12月百貨店売上速報|高島屋のみ増収/海外顧客減少で影響

主要百貨店4社が12月の売上高速報を発表した。既存店売上高は三越伊勢丹百貨店は前年比99.5%、大丸松坂屋百貨店は99.1%、阪急阪神百貨店は96.1%、高島屋は104.3%だった。

(株)三越伊勢丹ホールディングス(東京都新宿区、細谷敏幸社長)の国内百貨店売上げ合計は前年同月比で99.5%。伊勢丹新宿本店の店頭売上げは103.1%、三越日本橋本店は105.8%、三越銀座店は97.0%、伊勢丹立川店は98.9%、伊勢丹浦和店は93.7%。首都圏5店で既存店101.9%となった。

宝飾・時計や装身具が好調に推移した。また基幹3店では、ラグジュアリーブランドを中心にコートやセーターなど冬物衣料品やスキンケア・フレグランスも国内顧客に支持された。新宿本店では、12月後半から展開している春物アイテムへの関心も見られた。

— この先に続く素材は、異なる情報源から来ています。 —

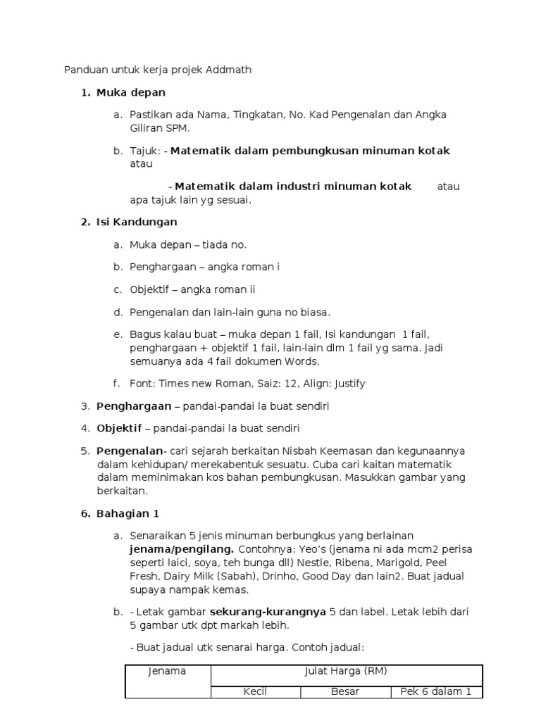Panduan Untuk Kerja Projek Addmath Pdf

国内顧客は引き続き識別顧客がけん引しており、特に「MI Wメンバー」や三越伊勢丹・カスタマープログラムの上位顧客の売上が好調だった。海外顧客も海外外商を中心に「同社と繋がった個客」の売上が伸長し、海外顧客向けアプリも含めたCRM戦略の効果・必然性が高まっている。

J.フロントリテイリング(株)(東京都中央区、好本達也社長)は、大丸松坂屋百貨店合計が既存店前年同月比99.1%。博多大丸、高知大丸を含む百貨店事業全体でも98.1%だった。

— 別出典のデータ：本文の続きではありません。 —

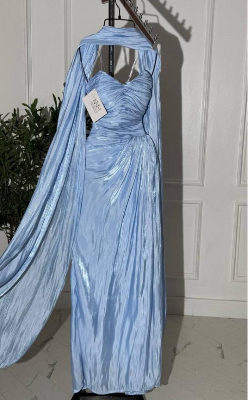 فستان سهرة سماوي شك فاخر مع باربي وشال جورجيت

12月度の売上高は、外商売上が好調を持続したものの、訪日外国人売上が前年を大きく下回ったことなどから、前年割れとなった。

店舗別では、15店舗中7店舗が前年を上回った。大丸梅田店は、上層フロアの改装に伴う売場閉鎖影響などにより、対前年マイナスとなった。

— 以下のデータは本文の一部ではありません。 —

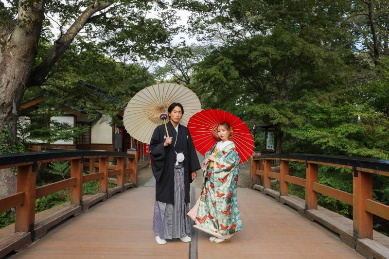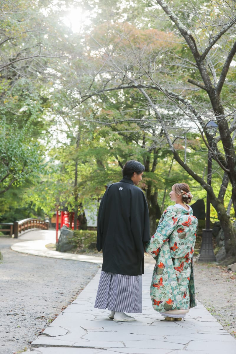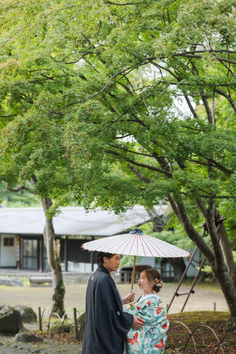 本格日本庭園を再現したスタジオで撮る 和装の結婚写真

大丸松坂屋百貨店合計の免税売上高(速報値)は、客単価が対前年2.7%増と前年実績を上回ったものの、客数が18.8%減と前年実績を大きく下回ったことなどから、対前年16.6%減となった。

エイチ・ツー・オーリテイリング(株)(大阪市北区、荒木直也社長)の(株)阪急阪神百貨店(大阪市北区、山口俊比古社長)の売上高は前年同月比96.1%、阪急本店が93.3%、阪神梅田本店が107.3%だった。

阪急本店6階の閉鎖など全館の大型改装に伴う売場縮小のマイナス影響が継続する中、全館の売上高は前年を下回った。暖冬で冬物ファッションが全体的に苦戦、クリスマスギフトについても一段と二極化が進み、より価格を意識して購入する顧客が多く、中間価格帯の商品の動きが鈍かった。その結果、国内客の売上高は前年をやや下回り、免税売上高も海外VIP顧客は比較的堅調に推移するものの中国からのツーリスト客の大幅減少による影響が大きく、前年を下回った。

阪神梅田本店は、3日に人気キャラクターの物販・カフェなどの複合ショップがオープンし来店客数・売上高ともに好調に推移。また前月にリニューアルオープンした食品売場も好調に推移し、全館の店頭売上高は約1割増と高伸した。

(株)高島屋(大阪府大阪市、村田善郎社長)の既存店売上高は、高島屋単体の10店舗で前年同月比104.3%、国内百貨店子会社3社を加えても104.1%だった。

12月度の店舗別売上高は、大阪店103.4%、堺店124.4%、京都店107.5%、日本橋店102.6%、横浜店105.7%、新宿店100.4%、玉川店107.6%、EC店110.9%と8店舗で前年実績を上回った。

特選衣料雑貨、宝飾品、子供情報ホビー、リビング、食料品、食堂が前年実績をを上回った。